You’re an “Unborn Baby” if She Wants You, a “Terminated Fetus” if She Doesn’t
DOUBLE TALK & DOUBLE STANDARDS
In a recent issue of the Minnesota Christian Chronicle, Doug Trouten documented the Minneapolis Star Tribune newspaper’s inconsistent use of its stylebook. The stylebook instructs writers and editors to “always use” the terms “fetus” and “embryo” in place of unborn child or unborn baby. A straightforward directive. Trouten showed, however, that while Star Tribune articles use “embryo” and “fetus” when treating abortion-related issues, they tend to employ “unborn child,” “unborn children,” “unborn baby,” and “unborn babies” when addressing the health, nutrition, safety, or parental rights of little persons growing in a uterus. Trouten cited 10 examples of the latter in the Star Tribune. Here are three:
· “A story about noise pollution…explained that loud noise ‘may harm unborn children.'”
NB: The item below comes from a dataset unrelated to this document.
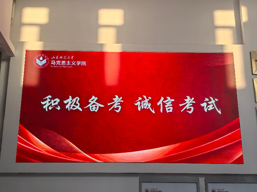 考场布置工作提前规划,制定工作方案,明确任务分工;对教室进行设施全面复检与深度清理,有序推进考场整理、考号张贴、座位号标示、电子时钟校准等工作;及时下发考试考场安排通知,确保师生清晰知晓考试相关事宜;对考场内的桌椅、地面、讲台等区域进行全方位清扫,细致清理卫生死角,以整洁明净的环境为考生营造舒适的考试氛围。各考场的黑板上均以醒目字体书写“积极备考,诚信考试”的诚信标语,并在学院一楼大厅播放诚信考试倡议。师生协作下,本次考场布置工作高效完成,为期末考试的顺利进行做好充分准备。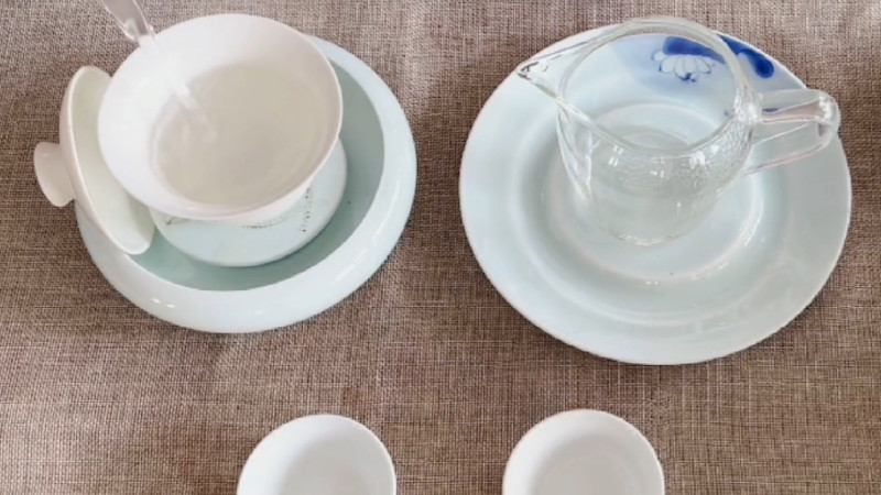熟普洱茶在冲泡时,需先将盖碗放入茶洗中,打开碗盖,往盖碗中注入沸水,之后盖上碗盖,用沸水浇淋盖碗。或是将盖碗放入玻璃茶洗中,倒入清水,置于电茶炉上煮沸。

· A “story about a homosexual couple…said they were going to adopt a child from a woman who was ‘eager to find a good home for her unborn child.'”
· “Stories about the murder of a pregnant woman indicated that the killers ‘removed her unborn child’ because they ‘wanted a baby.'”
What is the difference between a fetus and an unborn baby? Hint: Which one do you wish to visualize? Which term brings to mind the unforgettable photo of the little human sucking her thumb inside her mother’s womb? Whether she is a fetus or an unborn baby seems to depend on how the mother (or the doctor, the judge, the newspaper writer) wants (and wants us) to see the baby.